▸ **Assignment**:
Begin at the line containing "Fauteuil lounge pivotant" in the records below, end at the line containing "Rapold (Ben Prinz).", and retype each line in that span exactly. No other line and no image should appear.

Entries taken from a collection:
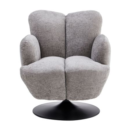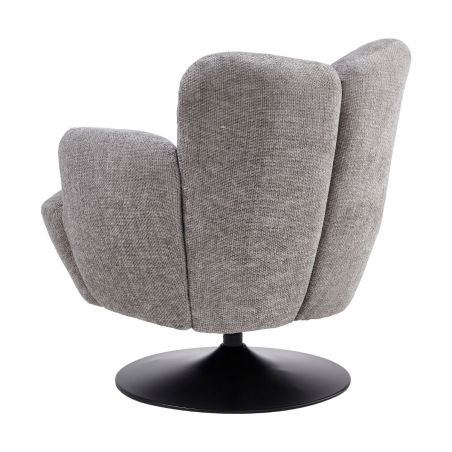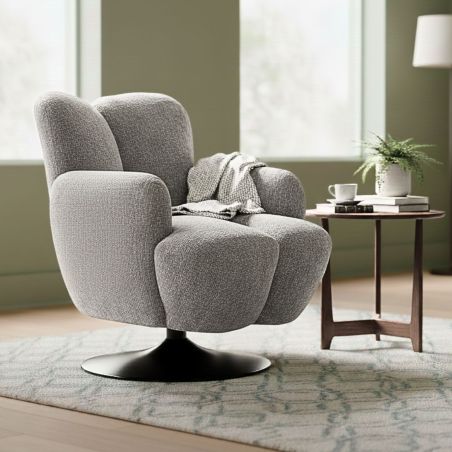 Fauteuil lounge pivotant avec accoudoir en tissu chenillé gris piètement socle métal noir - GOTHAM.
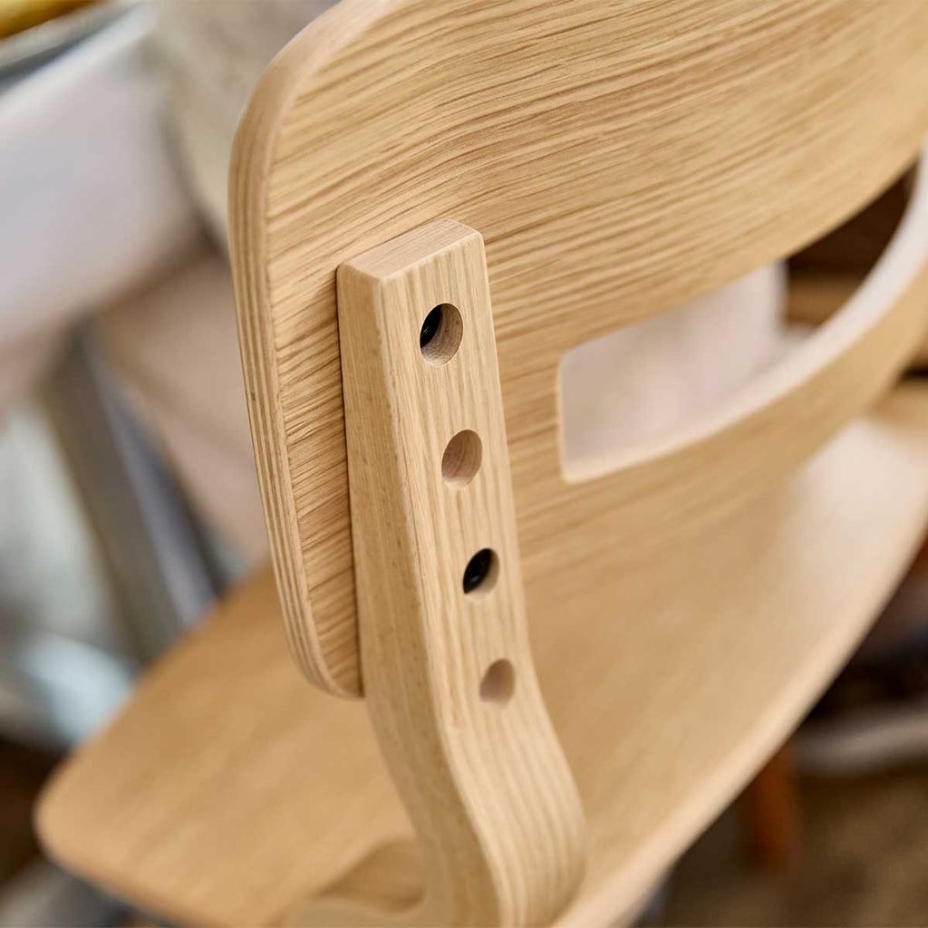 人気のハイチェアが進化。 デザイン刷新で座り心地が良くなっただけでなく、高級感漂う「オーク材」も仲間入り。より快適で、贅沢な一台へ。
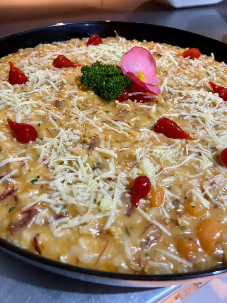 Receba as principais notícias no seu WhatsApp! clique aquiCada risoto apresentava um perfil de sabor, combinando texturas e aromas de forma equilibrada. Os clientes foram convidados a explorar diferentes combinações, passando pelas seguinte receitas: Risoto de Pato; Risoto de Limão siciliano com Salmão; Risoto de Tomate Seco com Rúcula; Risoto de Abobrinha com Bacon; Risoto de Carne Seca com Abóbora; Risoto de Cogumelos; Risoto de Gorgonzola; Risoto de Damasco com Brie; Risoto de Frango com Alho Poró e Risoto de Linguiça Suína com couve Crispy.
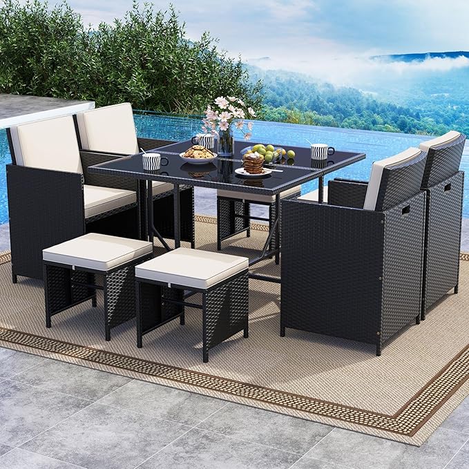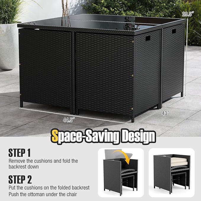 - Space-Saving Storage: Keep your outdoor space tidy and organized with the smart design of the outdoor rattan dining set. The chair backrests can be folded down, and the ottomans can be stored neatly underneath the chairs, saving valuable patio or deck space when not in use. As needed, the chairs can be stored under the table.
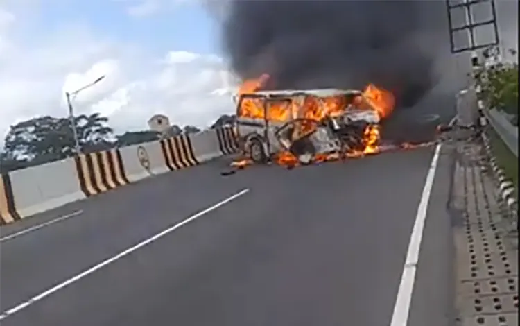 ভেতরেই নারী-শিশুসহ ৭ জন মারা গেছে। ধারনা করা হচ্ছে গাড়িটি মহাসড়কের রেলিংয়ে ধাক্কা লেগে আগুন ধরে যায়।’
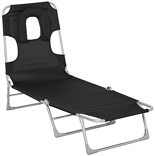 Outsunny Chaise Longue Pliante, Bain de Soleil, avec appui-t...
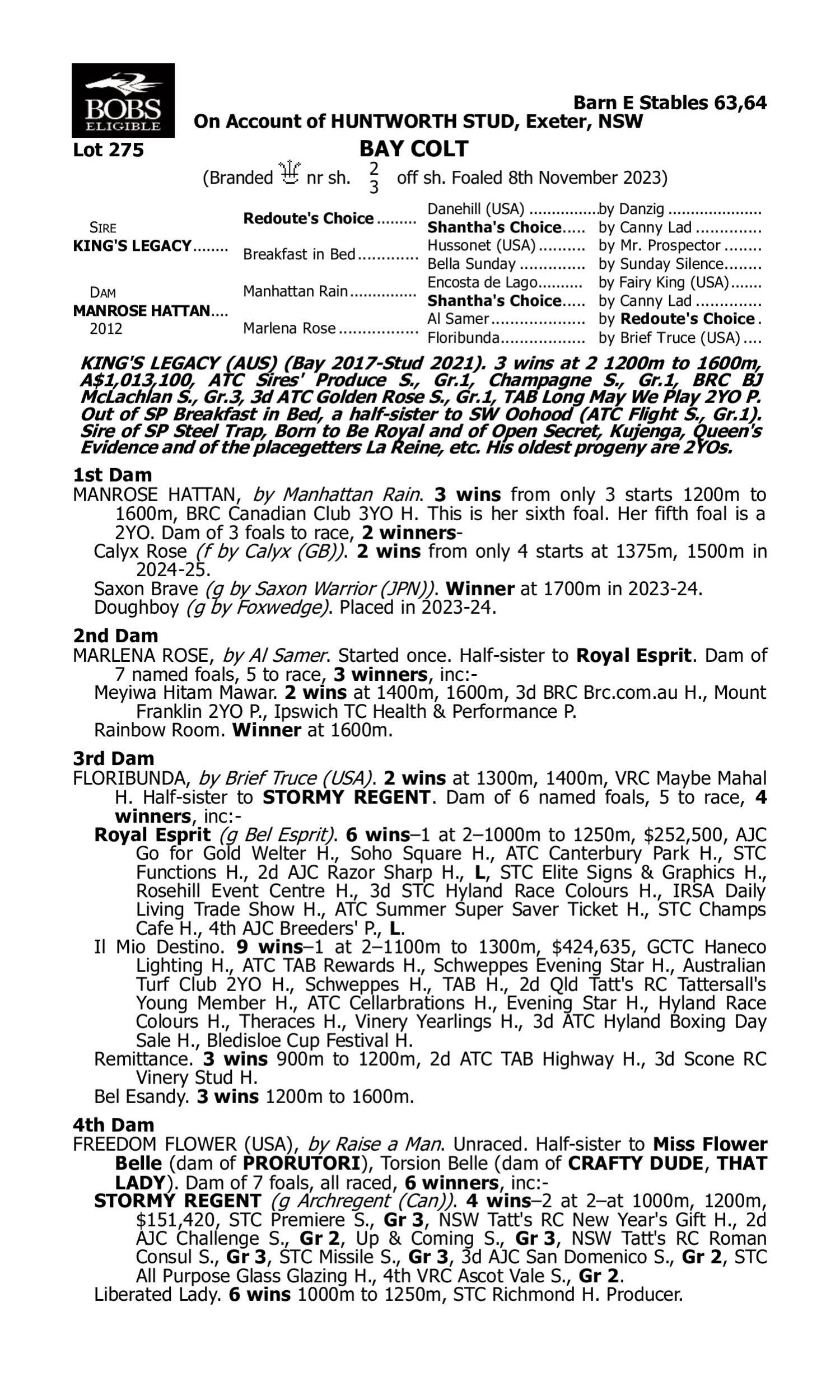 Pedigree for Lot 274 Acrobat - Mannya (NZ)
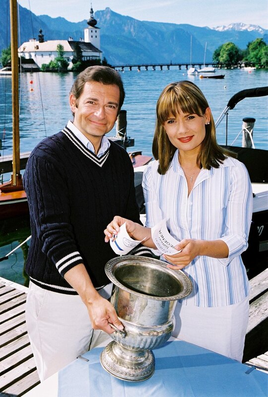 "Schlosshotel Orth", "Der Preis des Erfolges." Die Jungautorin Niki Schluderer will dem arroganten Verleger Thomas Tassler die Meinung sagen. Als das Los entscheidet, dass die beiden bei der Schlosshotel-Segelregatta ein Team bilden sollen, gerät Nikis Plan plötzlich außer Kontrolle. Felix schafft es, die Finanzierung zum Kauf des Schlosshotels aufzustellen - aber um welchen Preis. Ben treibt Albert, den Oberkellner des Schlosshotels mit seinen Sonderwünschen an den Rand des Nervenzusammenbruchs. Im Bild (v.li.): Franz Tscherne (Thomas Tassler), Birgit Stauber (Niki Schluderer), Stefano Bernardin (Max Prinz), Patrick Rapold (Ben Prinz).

* * *

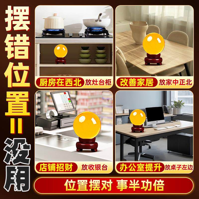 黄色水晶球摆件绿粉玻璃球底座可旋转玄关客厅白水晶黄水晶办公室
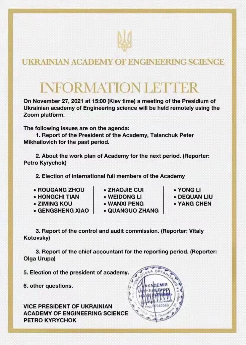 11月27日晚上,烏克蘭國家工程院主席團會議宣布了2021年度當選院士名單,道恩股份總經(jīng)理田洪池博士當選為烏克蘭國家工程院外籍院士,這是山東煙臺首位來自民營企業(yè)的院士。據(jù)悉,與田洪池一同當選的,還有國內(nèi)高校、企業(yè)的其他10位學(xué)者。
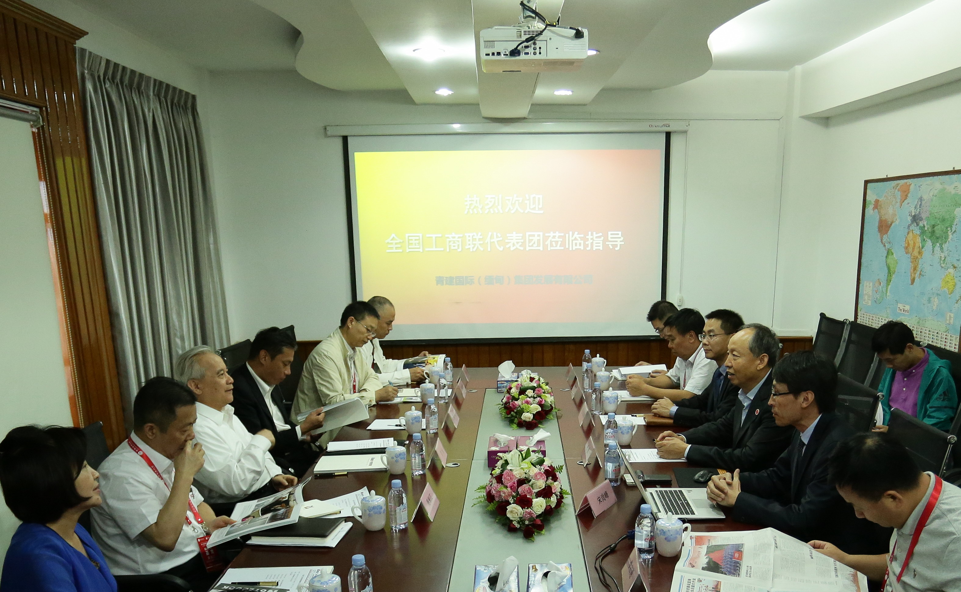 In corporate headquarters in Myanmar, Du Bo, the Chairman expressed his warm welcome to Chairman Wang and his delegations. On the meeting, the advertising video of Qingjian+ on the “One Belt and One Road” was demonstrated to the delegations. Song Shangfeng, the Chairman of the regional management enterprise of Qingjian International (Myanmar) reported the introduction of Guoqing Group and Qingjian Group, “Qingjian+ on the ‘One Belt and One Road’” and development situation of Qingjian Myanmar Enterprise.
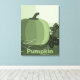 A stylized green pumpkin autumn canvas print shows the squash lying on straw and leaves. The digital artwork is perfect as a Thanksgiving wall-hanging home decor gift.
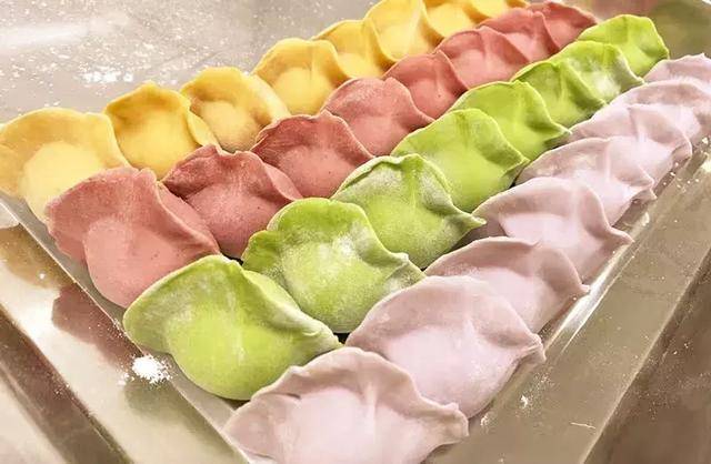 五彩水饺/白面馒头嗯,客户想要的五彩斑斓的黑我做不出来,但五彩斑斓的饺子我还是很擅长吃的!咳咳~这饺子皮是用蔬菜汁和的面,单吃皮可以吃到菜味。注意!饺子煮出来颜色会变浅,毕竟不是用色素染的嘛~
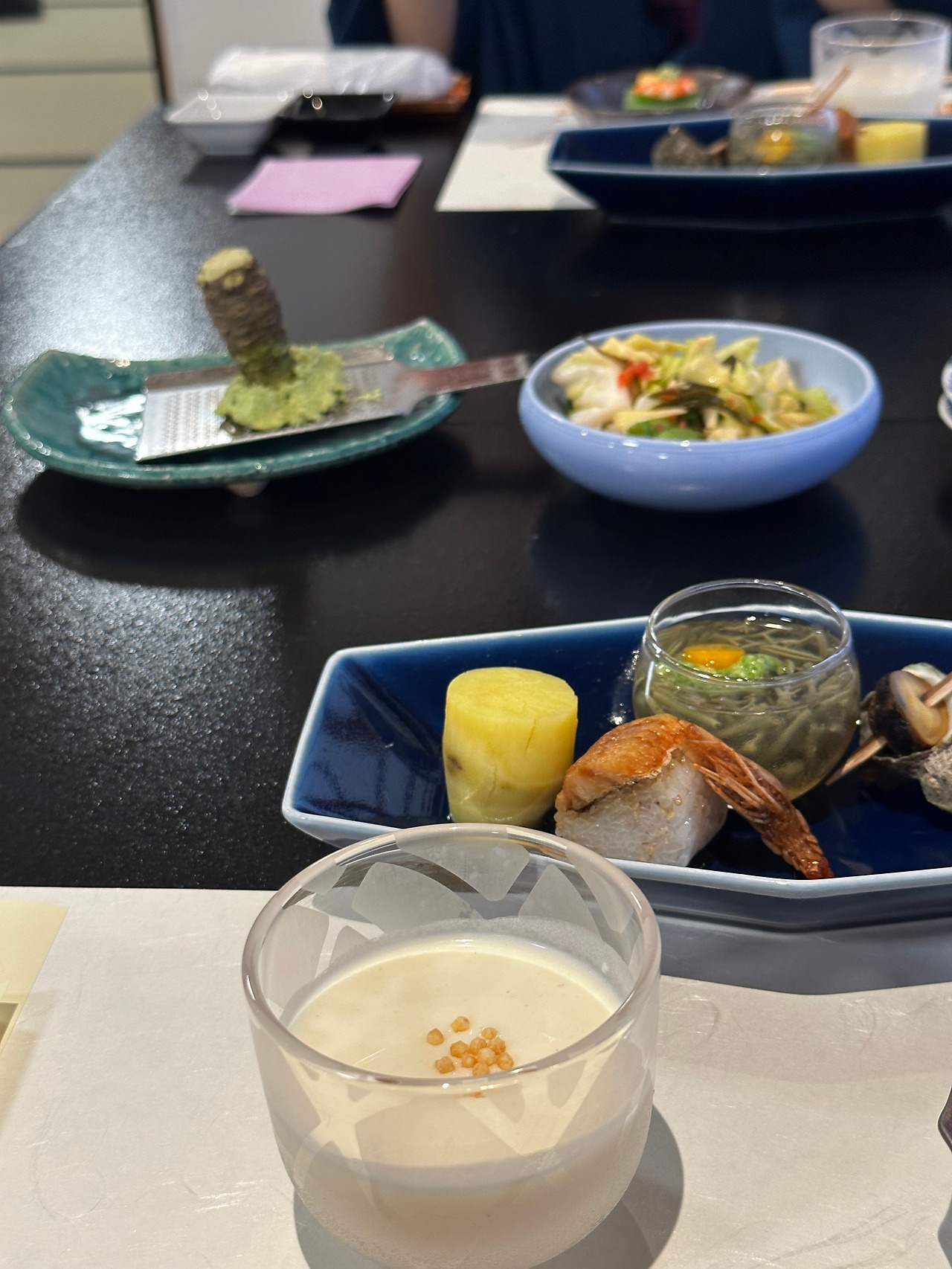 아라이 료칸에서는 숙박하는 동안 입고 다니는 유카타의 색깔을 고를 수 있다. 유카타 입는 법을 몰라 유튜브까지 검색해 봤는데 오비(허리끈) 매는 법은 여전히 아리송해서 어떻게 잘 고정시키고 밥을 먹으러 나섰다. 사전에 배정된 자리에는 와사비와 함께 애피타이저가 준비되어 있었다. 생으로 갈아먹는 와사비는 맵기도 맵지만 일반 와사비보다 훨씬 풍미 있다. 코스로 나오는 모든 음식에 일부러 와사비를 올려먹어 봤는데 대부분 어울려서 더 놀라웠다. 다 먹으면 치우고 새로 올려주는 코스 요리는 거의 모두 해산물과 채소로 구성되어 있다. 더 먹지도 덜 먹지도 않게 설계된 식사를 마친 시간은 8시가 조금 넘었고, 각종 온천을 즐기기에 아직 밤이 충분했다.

▸ **Result**:
 Fauteuil lounge pivotant avec accoudoir en tissu chenillé gris piètement socle métal noir - GOTHAM.
 人気のハイチェアが進化。 デザイン刷新で座り心地が良くなっただけでなく、高級感漂う「オーク材」も仲間入り。より快適で、贅沢な一台へ。
 Receba as principais notícias no seu WhatsApp! clique aquiCada risoto apresentava um perfil de sabor, combinando texturas e aromas de forma equilibrada. Os clientes foram convidados a explorar diferentes combinações, passando pelas seguinte receitas: Risoto de Pato; Risoto de Limão siciliano com Salmão; Risoto de Tomate Seco com Rúcula; Risoto de Abobrinha com Bacon; Risoto de Carne Seca com Abóbora; Risoto de Cogumelos; Risoto de Gorgonzola; Risoto de Damasco com Brie; Risoto de Frango com Alho Poró e Risoto de Linguiça Suína com couve Crispy.
 - Space-Saving Storage: Keep your outdoor space tidy and organized with the smart design of the outdoor rattan dining set. The chair backrests can be folded down, and the ottomans can be stored neatly underneath the chairs, saving valuable patio or deck space when not in use. As needed, the chairs can be stored under the table.
 ভেতরেই নারী-শিশুসহ ৭ জন মারা গেছে। ধারনা করা হচ্ছে গাড়িটি মহাসড়কের রেলিংয়ে ধাক্কা লেগে আগুন ধরে যায়।’
 Outsunny Chaise Longue Pliante, Bain de Soleil, avec appui-t...
 Pedigree for Lot 274 Acrobat - Mannya (NZ)
 "Schlosshotel Orth", "Der Preis des Erfolges." Die Jungautorin Niki Schluderer will dem arroganten Verleger Thomas Tassler die Meinung sagen. Als das Los entscheidet, dass die beiden bei der Schlosshotel-Segelregatta ein Team bilden sollen, gerät Nikis Plan plötzlich außer Kontrolle. Felix schafft es, die Finanzierung zum Kauf des Schlosshotels aufzustellen - aber um welchen Preis. Ben treibt Albert, den Oberkellner des Schlosshotels mit seinen Sonderwünschen an den Rand des Nervenzusammenbruchs. Im Bild (v.li.): Franz Tscherne (Thomas Tassler), Birgit Stauber (Niki Schluderer), Stefano Bernardin (Max Prinz), Patrick Rapold (Ben Prinz).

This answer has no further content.